The Silicon Photonics Team is responsible for the development and application of imec’s world-class implementation of a full silicon photonics platform in a CMOS compatible environment on 200mm and 300mm wafers. The team has generated state-of-the-art demonstrations of optical transmitters and receivers.
team members
Dries Van Thourhout
Dries Van Thourhout is with the Photonics Research Group of IMEC and also a full professor at Ghent University. His focus is on heterogeneous integration technologies on Silicon Photonics, including III-V on silicon (waferbonding and epitaxial), colloidal quantum dots on Silicon and different perovskites on Silicon. He has coordinated several EU-projects (FP6 PICMOS, FP7 WADIMOS, FP7 SMARTFIBER) and is a two times ERC Grantee. He is (co)author of over 250 journal publications. He was involved in the start-ups CALIOPA and SENTEA from the group and (co)inventor of 10+ granted patents.
Joris Van Campenhout
Joris Van Campenhout is program director of the Optical I/O industry-affiliation program at IMEC (Belgium), which targetsthe development of a scalable and industrially viable short-reach optical interconnect technology based on silicon photonics. Prior to joining IMEC in 2010, he was a post-doctoral researcher at IBM TJ Watson Research Center (USA), where he developed silicon electro-optic switches for chip-level reconfigurable optical networks.
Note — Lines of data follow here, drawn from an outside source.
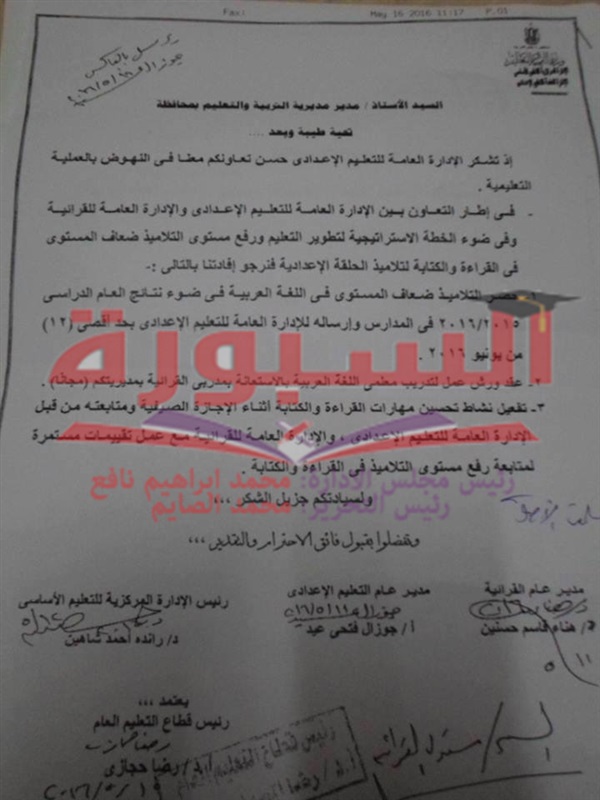 ارسلت وزارة التربية والتعليم فاكسا الى المديريات التعليمية تطالبها بحصر أسماء الطلاب الضعاف فى اللغة العربية فى المرحلة الاعدادية فى ضوء نتائج العام الدراسى 2016/2015، فى المدارس وارساله الى الادارة العامة للتعليم الاعدادى بحد أقصى 12 من يونيو.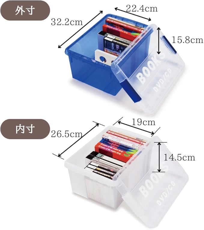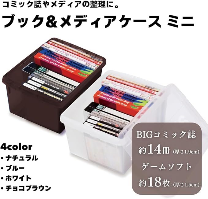 ベッド下やクローゼット収納に最適。透明のフタでタイトルや中身が見えます。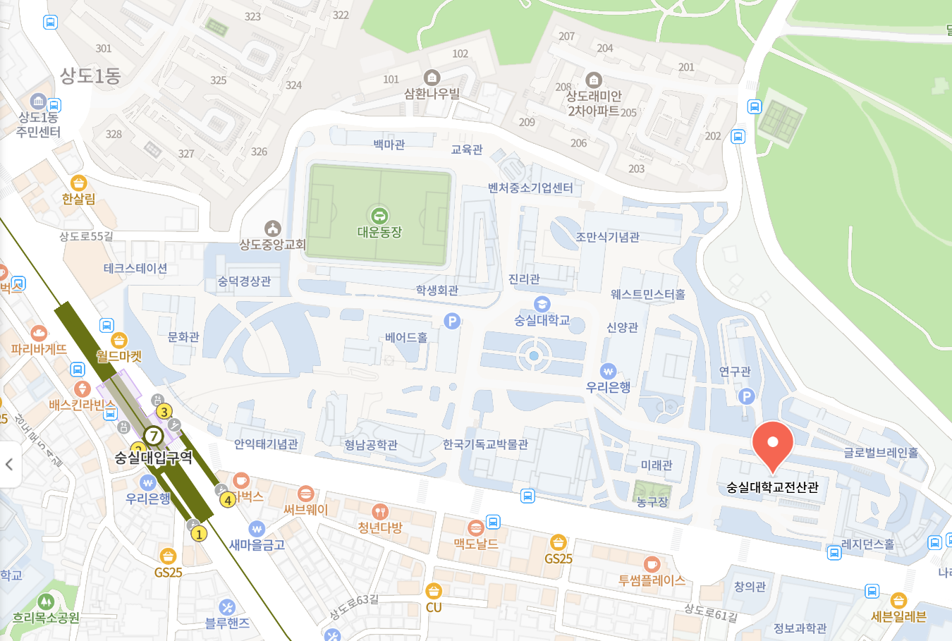 崇実(スンシル)大学は、7号線「崇実(スンシル)大入り口駅」すぐ側にあります。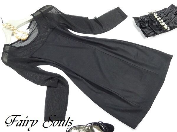 やわらかな素材に、胸元と袖、背中の透け感がセクシーな大人テイストのワンピース。(背中は肩からウエストの中間あたりまで透け感があります)細身で体にフィットしたデザインは女性の体のラインを美しく魅せてくれます。伸縮性少しあり。かぶるタイプ。裏地なし。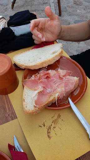 Read moreReally don't know what to say... You'll find a cheaper and tastier lunch in ROME. My girlfriend and I stopped for a sandwich - exclusively meat filled by the way, no bother for me, but no vegetarian options - and opted for the Panino Prosciutto Crudo. For 5€ we literally received a few slices of prosciutto between 2 slices of rock hard bread, no salad, nothing special, and incredibly disappointing. Yes, I know this is literally what a sandwich is, but for 5€, the quality was appalling. Service was no better, waitress stood at our table and waited for us to order the moment we sat down, without saying a word... We hadn't even looked at the menu. When we said we needed 2 minutes, she was visibly annoyed. Comparably, all the restaurants are expensive in Monteriggioni, hence the 2 stars, but I can only speak for this...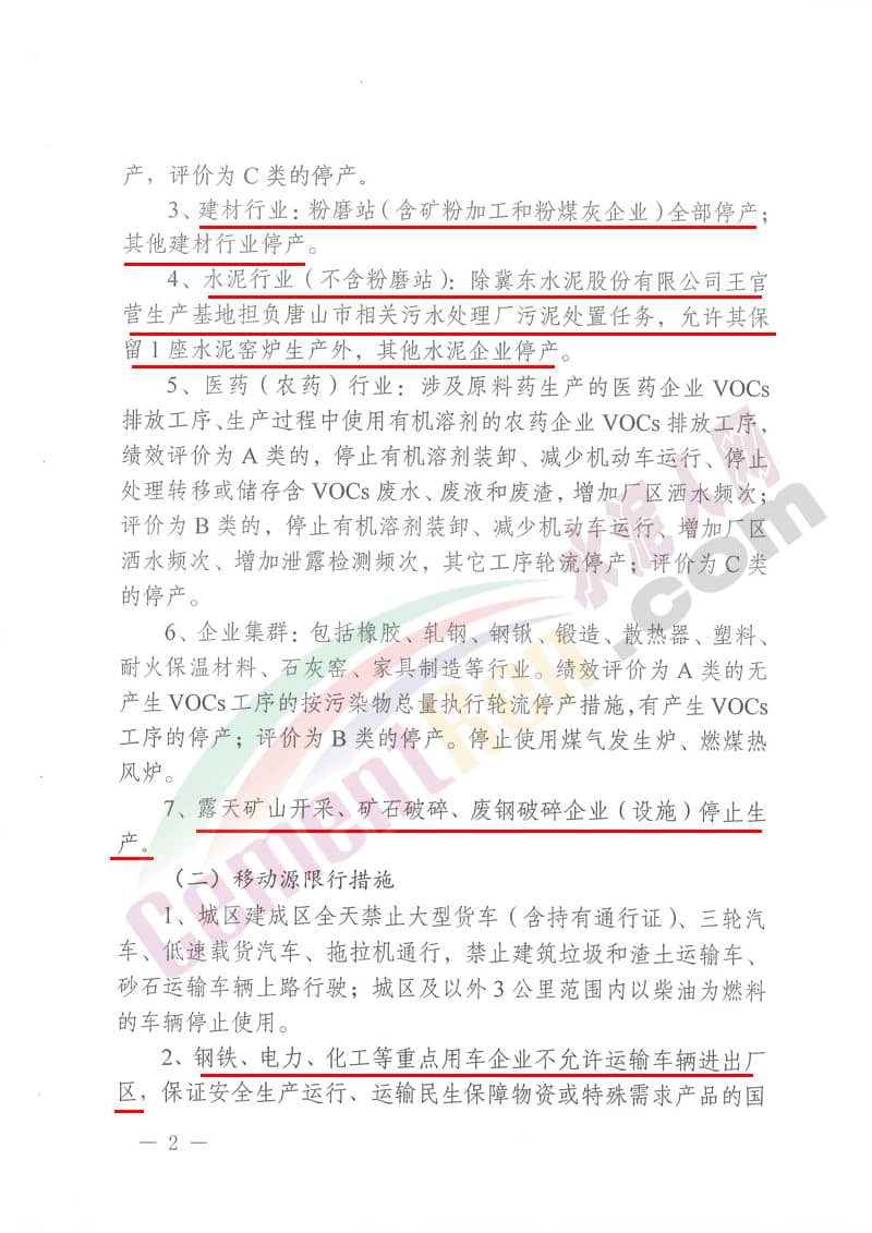 上個月底,2月28日唐山市人民政府曾發(fā)布《關(guān)于啟動重污染天氣Ⅰ級應(yīng)急響應(yīng)的通知》要求建材行業(yè)。粉磨站停產(chǎn);水泥行業(yè)(不含粉磨站)。符合《關(guān)于建立重點行業(yè)超低排放(深度治理)示范引領(lǐng)制度的通知》(冀氣領(lǐng)辦〔2018〕128號)要求的,不予管控;協(xié)同處置城市垃圾(含污泥)或危險廢物等保民生任務(wù)的,可根據(jù)承擔(dān)任務(wù)量核定最大允許生產(chǎn)負(fù)荷生產(chǎn);承擔(dān)居民供暖的,根據(jù)承擔(dān)任務(wù)量核定最大允許生產(chǎn)負(fù)荷生產(chǎn)。其他企業(yè)停產(chǎn)。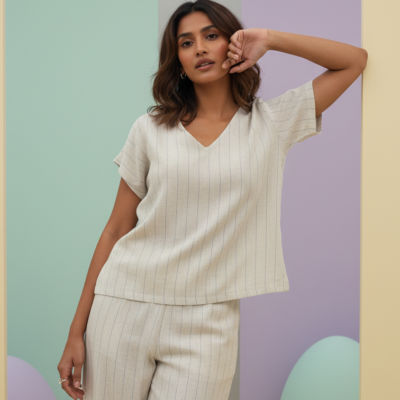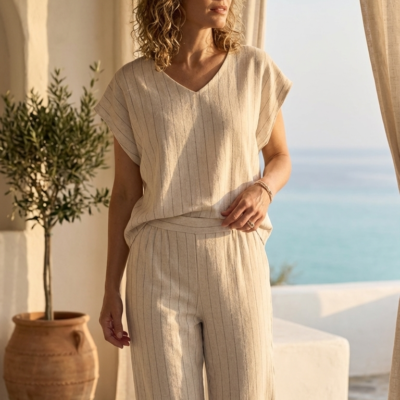 Set en lino – Blusa y Palazzo – Talla M – Rayas Verdes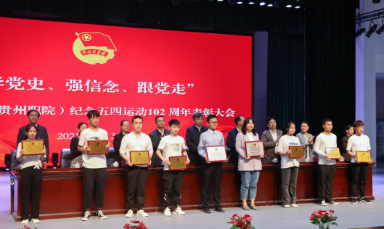 随后,学校党委委员、副校长于立群宣读《贵州职业技术学院关于表彰校级先进集体和优秀个人的决定》,校领导为2021届优秀毕业生、全校“劳动之星”、“优秀青年志愿者”、“优秀共青团员”、“优秀共青团干部”、“优秀基层团务工作者”、“五四红旗团总支”、“五四红旗团支部”的获奖个人和集体代表颁奖。
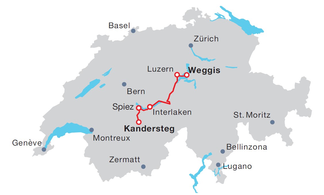 • Regional rail travel Interlaken-Spiez and Lötschberg Regio Express Spiez-Kandersteg (2nd class)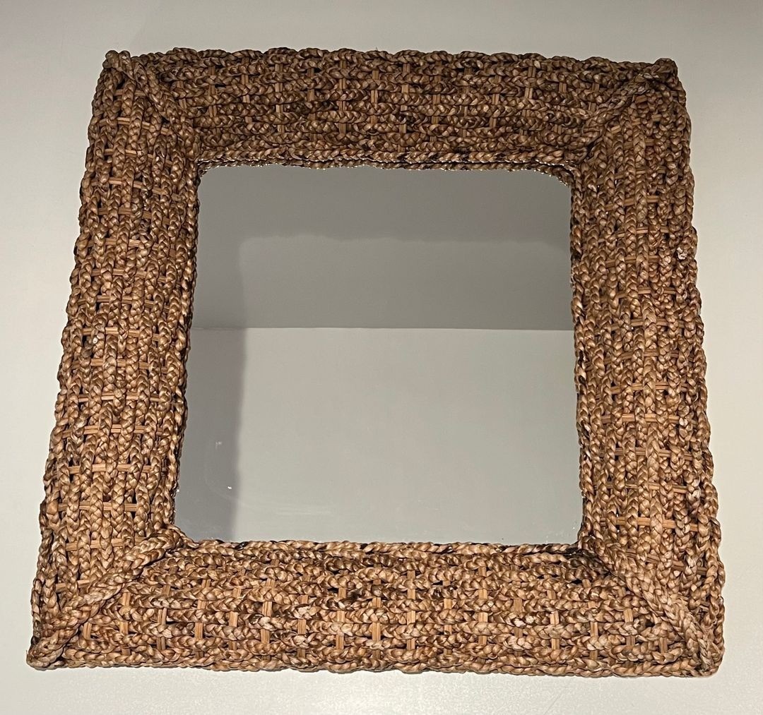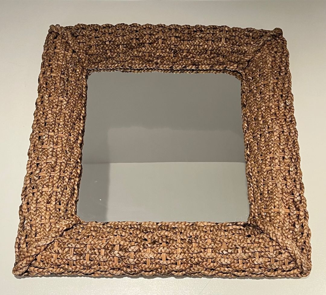 Square Woven Rope Mirror Attributed to Audoux-Minet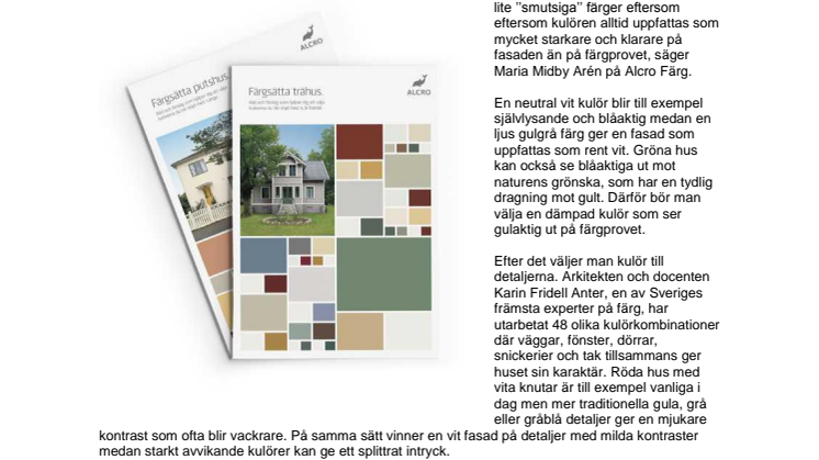 Så här års planerar många att måla om huset. Då gäller det att välja kulörer som man kan leva med länge - rätt utfört i kanske femton år - och som passar hustypen. För att underlätta valet har Alcro låtit en expert ta fram 32 färdiga färgförslag för trähus och 16 för putshus. Och när valet är gjort kan man provmåla sitt hus på alcro.se.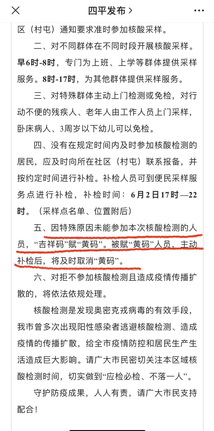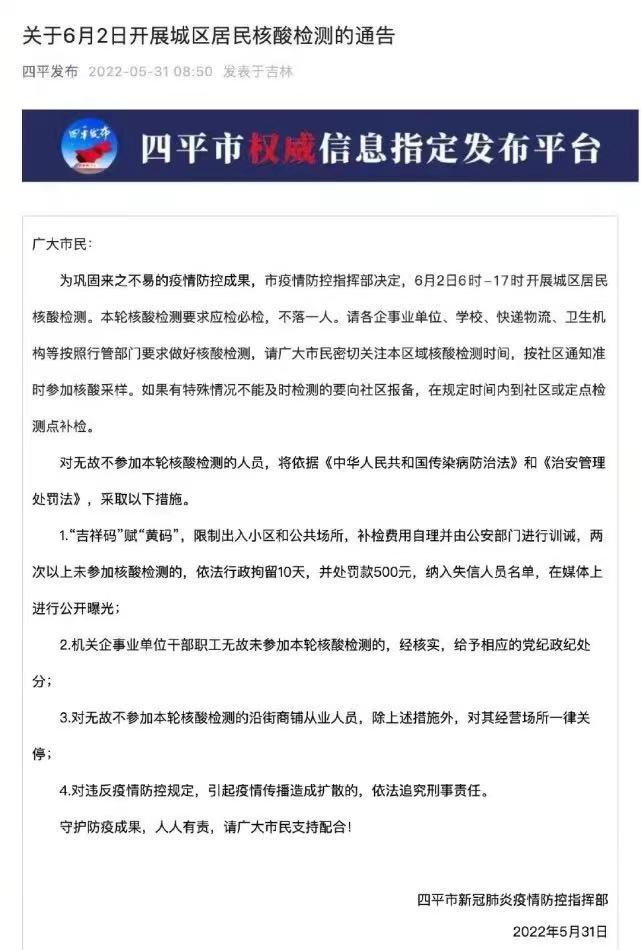 2022年5月31日上午,吉林省四平市發佈《關於6月2日開展城區居民核酸檢測的通告》,要求對於兩次以上未參加核酸檢測者,依法行政拘留10天,並處罰款500元,納入失信人員名單,在媒體上進行公開曝光。此消息一經公佈,隨即衝上了熱搜。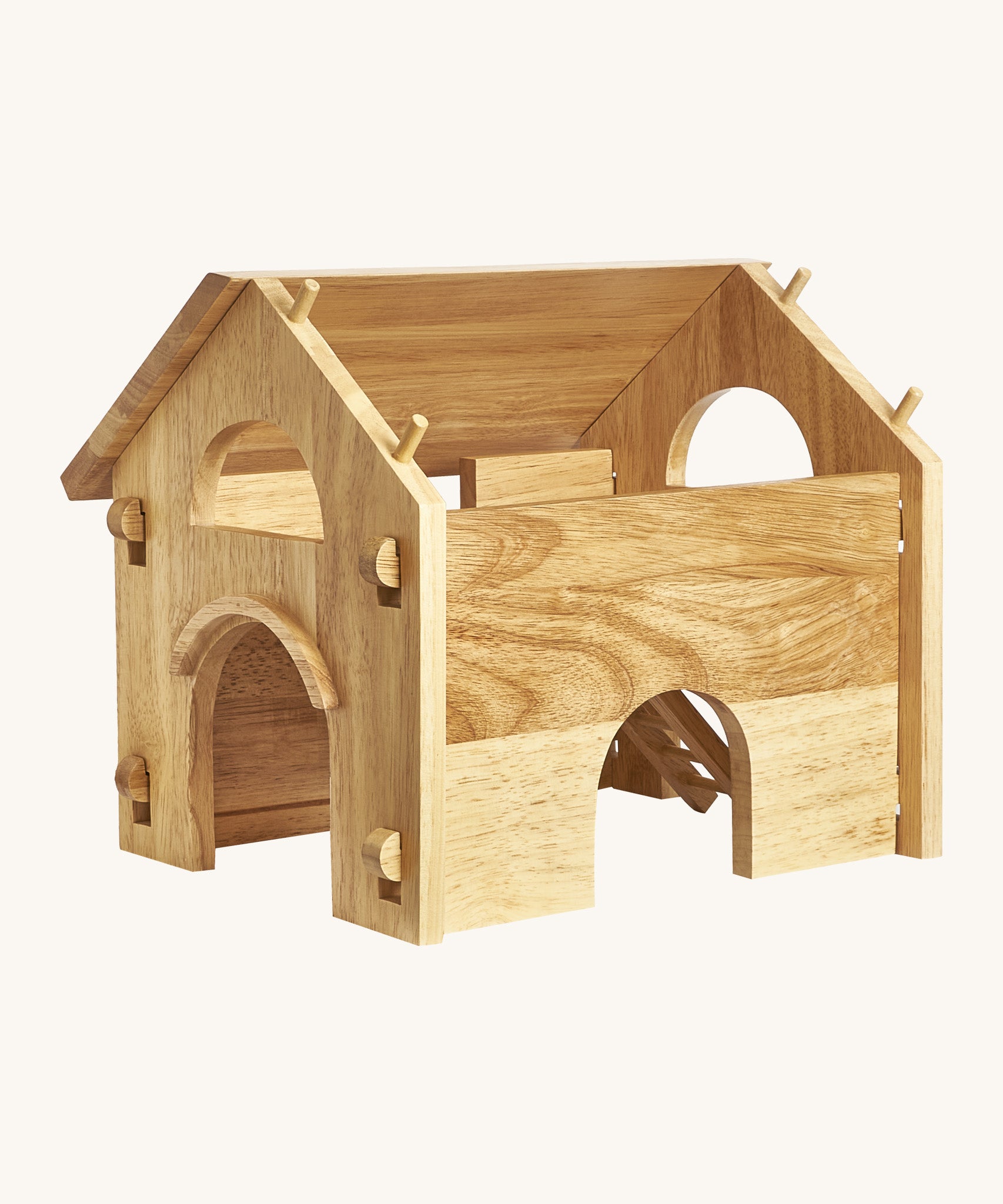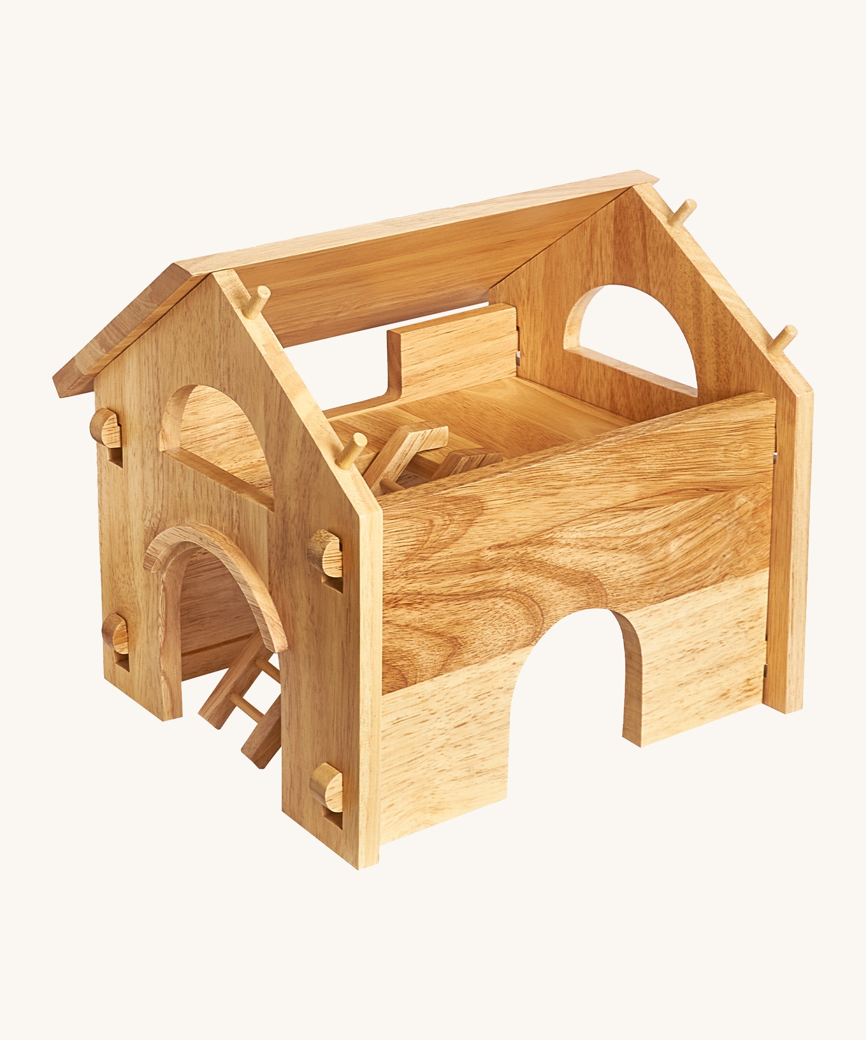 This Lanka Kade Deluxe Natural Barn is a large wooden farm building, ethically handcrafted from sustainable rubber wood. With open windows and doors, as well as removable roof panels, children can access each side of this wooden toy farm building. It comes with a detachable ladder to reach a high floor and there's plenty of space to house a child's toy animals. Young farmers will love to use this wooden building as a stables, cow shed and hay barn, splitting animals between the ground level and the loft. With a little imagination, this barn can become pretty much anything - a school, dolls' house, hospital, fire station or shop.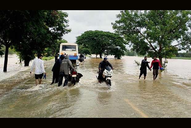 The backwaters of Tungabhadra flooded parts of Davangere district blocking many roads.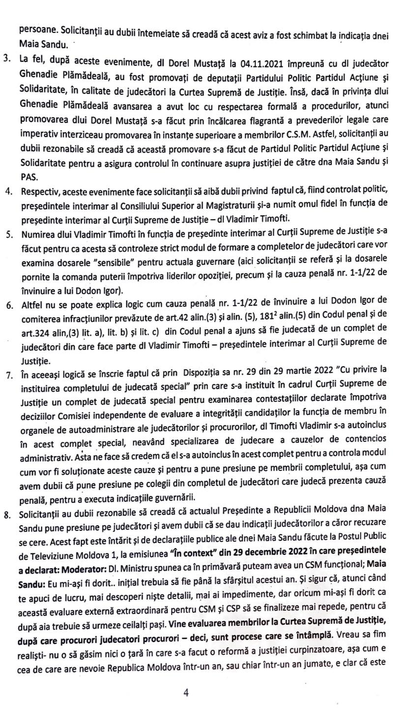 Эти сомнительные движения никак не придают уверенности в отправлении правосудия, особенно когда я замечаю, что тот же судья Тимофти курирует все коллегии судей, которые рассматривают дела, представляющие интерес для нынешней власти(политические), т.е. в том числе моё дело, и сам себя включает в состав коллегий, рассматривающих законность решений комиссии по превентингу.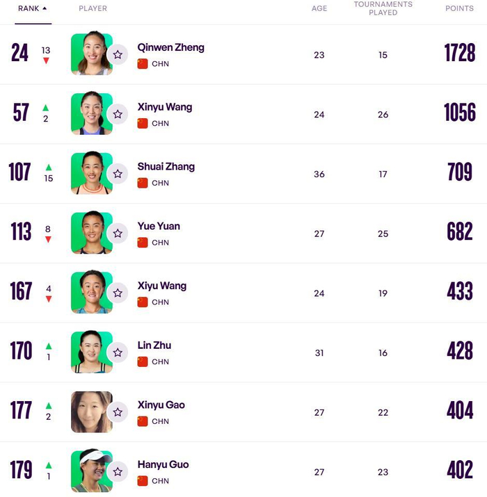 由于肘伤尚未康复,仍处于休赛状态的郑钦文,最近要扣除去年东京站冠军的500积分,排名下滑至第24位。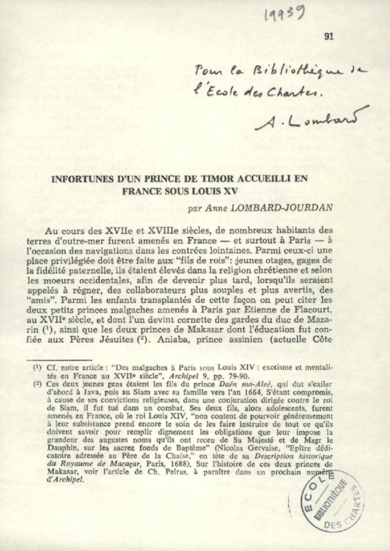 Une description inédite des Iles Comores (1743)

He obtained a PhD degree in Electrical Engineering from Ghent University (Belgium) in 2007, for his work on hybrid integration of electrically driven III-V microdisk lasers on silicon photonic waveguide circuits. Joris was awarded the IEEE Photonics Society Graduate Student Fellowship (USA) in 2007 and the Scientific Prize Alcatel Lucent Bell (Belgium) in 2008. He holds multiple patents and has authored or co-authored over 150 papers in the field of silicon integrated photonics.
Marianna Pantouvaki
Marianna Pantouvaki is program manager for the Optical IO Industrial Affiliation program of IMEC, Leuven, Belgium since 2011. She is responsible for the development of high-speed transmitters and novel exploratory devices for optical interconnects. From 2006 to 2010 she was a BEOL Integration engineer for the advanced Cu/low-k Interconnect pro-gram of IMEC. Between 2003 and 2006 she worked as a Research Fellow at the Ultra-Fast Photonics group, University College London (UCL), London, UK. In 2004-2005 she was also a visiting researcher at the Centre for Integrated Photonics, Ipswich, UK, developing monolithically integrated III-V-based transmitters. Marianna received the Ph.D. degree in Electronic and Electrical Engineering from UCL in 2004, for her work on all-optical signal regeneration in high bit-rate long-distance fiber systems.